In the 1980s and 1990s when Matrazzo was not touring, he worked with the Atlanta-based group Life Force as educator and played concerts including the 1994 Lillehammer Winter Olympics and the Northsea Jazz Festival.

In 1992 to 1994, Matrazzo and Char reunited with the band, the Psychedelix, and toured extensively in Japan and also staged concerts in Los Angeles and New York. Together they released an album Live At NHK Hall and other DVDs and performed on 20 March at the Shibuya Public Hall in Tokyo.

In 1996 to 1995 Matrazzo performed with Jimmy Hall of Wet Willie, recording the tracks for his album Rendezvous With The Blues on Hammond B3. He also recorded on Gregg Allman's album on Chrysalis Records in 1996.

His 2000 solo release Dan on the Moon, produced by David Z, was released by Terminus Records with Sam Sims on bass, Lil' John Roberts on drums, and Warren Haynes on guitar. Dan on the Moon was considered to be the defining album of a new genre which jam fans immediately dubbed "Space Funk", though it explored many styles of music from funk and blues, soul, progressive rock, and classical piano.

From 2005 to 2011, Matrazzo focused mainly on traditional and post-bebop jazz music, but then began touring with The Looters, who are also known for backing Blue Note Records' Kristina Train, Rosa King, and Saskia Laroo. In 2015 Matrazzo and the Looters released an album on Home Grown Records.

In 2013 Matrazzo reunited with John Scofield as well as Gov't Mule at the 25th annual Christmas Jam in Asheville, North Carolina.

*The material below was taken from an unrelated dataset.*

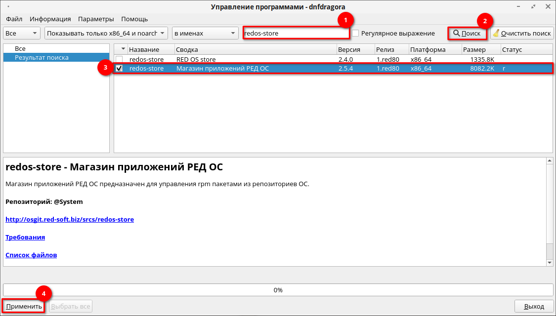 Для установки Магазина через графический менеджер пакетов dnfdragora перейдите в «Главное меню» — «Администрирование» — «Управление пакетами dnfdragora», выполните поиск необходимого пакета по ключевому слову «redos-store» и отметьте флагом пакет последней версии. После этого нажмите кнопку «Применить» и дождитесь окончания установки пакетов.
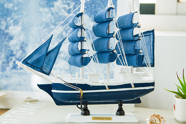 ตกแต่งบ้านด้วยเรือใบเรือสำเภาและเรือแบบอื่นๆ ที่เป็นรูปจำลอง เพราะเรือเป็นสัญลักษณ์ของความมั่งคั่งและการเดินทาง การตกแต่งบ้านด้วยรูปเรือจำลองจะช่วยให้มีโอกาสได้เดินทางไปต่างประเทศเสมอและมีเงินทองมั่งคั่งสมบูรณ์ ตั้งเรือจำลองไว้ในห้องรับแขกหันหัวเรือเข้าในบ้านเสมอและบนเรือควรประดับตกแต่งด้วยเงินตราของจีน เงินไทย เพชรพลอย เปรียบเหมือนเรือนำแก้วแหวนเงินทองมาให้เรา

In 2015 Gov't Mule released the album Sco-Mule with Matrazzo on keyboards, John Scofield on guitar, and a host of other musicians including Jimmy Herring. This was recorded at the Georgia Theatre and the Roxy in Atlanta, Georgia.

Matrazzo's music has been used by MTV for opening songs for a murder and mystery show. Later in 2017, there were sessions with Corky Laing of Mountain and Chris Barron and guitarist Eric Schenkman of the Spin Doctors.